What, though, has changed the government’s calculation so drastically that it is now embarking on an all-out offensive to browbeat the public back to work? Government hawks, led by chancellor Rishi Sunak and Michael Gove, claim to want economic revival. Yet the evidence is that it won’t work. While enough people may be prepared to risk their health for a burger or a haircut to help trigger a second wave, as has happened in a number of US states, that will not be sufficient to restore economic growth.

Perhaps growth is not the only issue here. Conservative policy is rarely explicable solely in terms of growth. Austerity, in GDP terms, was a complete failure. Johnson’s Brexit plan will likely cost growth. There is a moral element to what the government does. The left gets gets this wrong, for the same reason it tends to be misunderstand neoliberalism. It loves denouncing “heartless” Tories who care about nothing but markets. In fact, neoliberal ideology is not amoral. As Jessica Whyte demonstrates in her widely praised book, The Morals of the Market, that neoliberalism was founded on a profoundly conservative moral vision. And that morality may have something to do with what the government is thinking.

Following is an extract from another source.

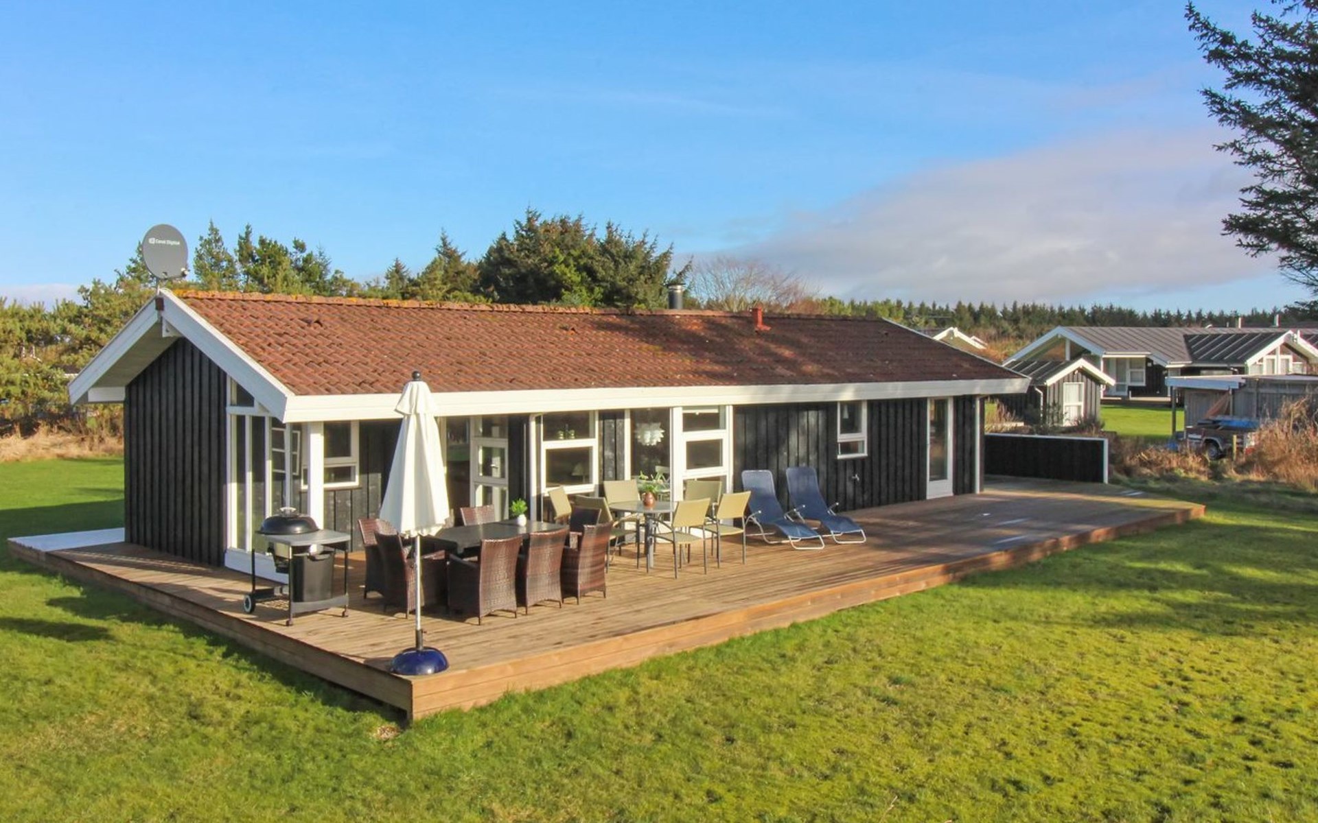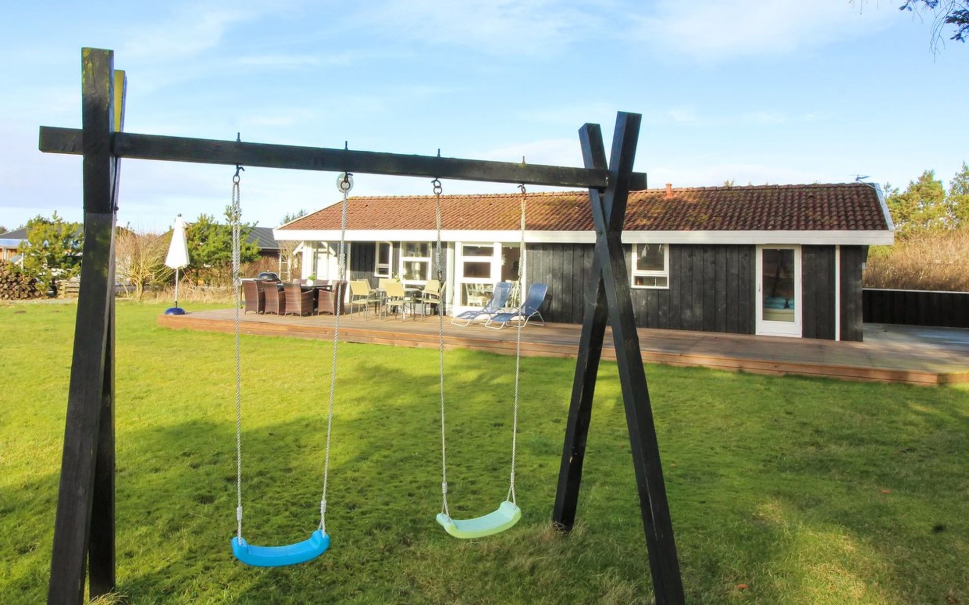 Single-family house, built in 1987. 900 m from the sea. Private: natural state property 1'860 m2. Terrace (132 m2), children's playground (swing). In the house: washing machine. Grocery 600 m. The owner does not accept any youth groups.

The soft sell for this morality is, in a telling rhetorical tic, “freedom”. Observe the right-wing press. “Lockdown Freedom Beckons”, said the Daily Mail when the first measures were implemented in May. Now, as Johnson re-opens, The Sun calls for an end to “coronaphobia” and a renewal of “British freedom”, while the Daily Express salutes the measures as a “freedom pass”. What is the morality of “freedom”? Why does it seem always to amount to the freedom to get back to the grindstone? In neoliberal thought, freedom is commercial freedom. It’s the sovereignty of the market, as against popular sovereignty. The neoliberal economist Ludwig von Mises was completely honest about what this meant. For most people, their choices would be governed by the fluctuating price of their labour, which would “penalise disobedience” and “recompense obedience”. It would leave only a thin “margin” of choice as the “maximum of freedom” available in a market system. In such a system, neoliberals wagered, people would be more individualist, self-reliant, disciplined and obedient.

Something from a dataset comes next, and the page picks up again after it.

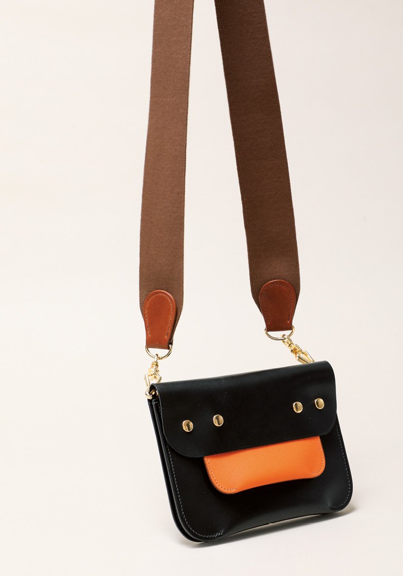 ポケットやストラップ、メタルパーツなどはバラ売りで、ドットボタンで脱着可能。ユニークな仕様に対し、素材となる革は某高級メゾン向けに生産されたもの。最高級レザーを使って自分好みにカスタマイズできる。H13.5×W19.5×D1.5㎝。本体¥39,600(税込)、ポケット¥17,600(税込)、ストラップ¥16,500(税込)/すべてサンカッケー(三角形 http://sunkakke.jp)

Markets are a moral force, the whip of social discipline. Dependence on markets is its own form of lockdown. It means we spend most of our hours working for someone else. Now, amid a dramatic global uprising against racism and police violence, and with multiplying crises of economy, ecology and public legitimacy afoot, the government may well have concluded that millions have too much freedom, too much time to think and act of their own volition. After all, this is a government that wanted “herd immunity” with hundreds of thousands of deaths. It didn’t want to pay millions of people to stay off work. It is far more comfortable with state cruelty than state benevolence.

One mustn’t over-rationalise the decisions of such an incompetent government. However, moral regulation is an underestimated part of what governments do. And telling people to get back to work, and calling it freedom, is exactly that.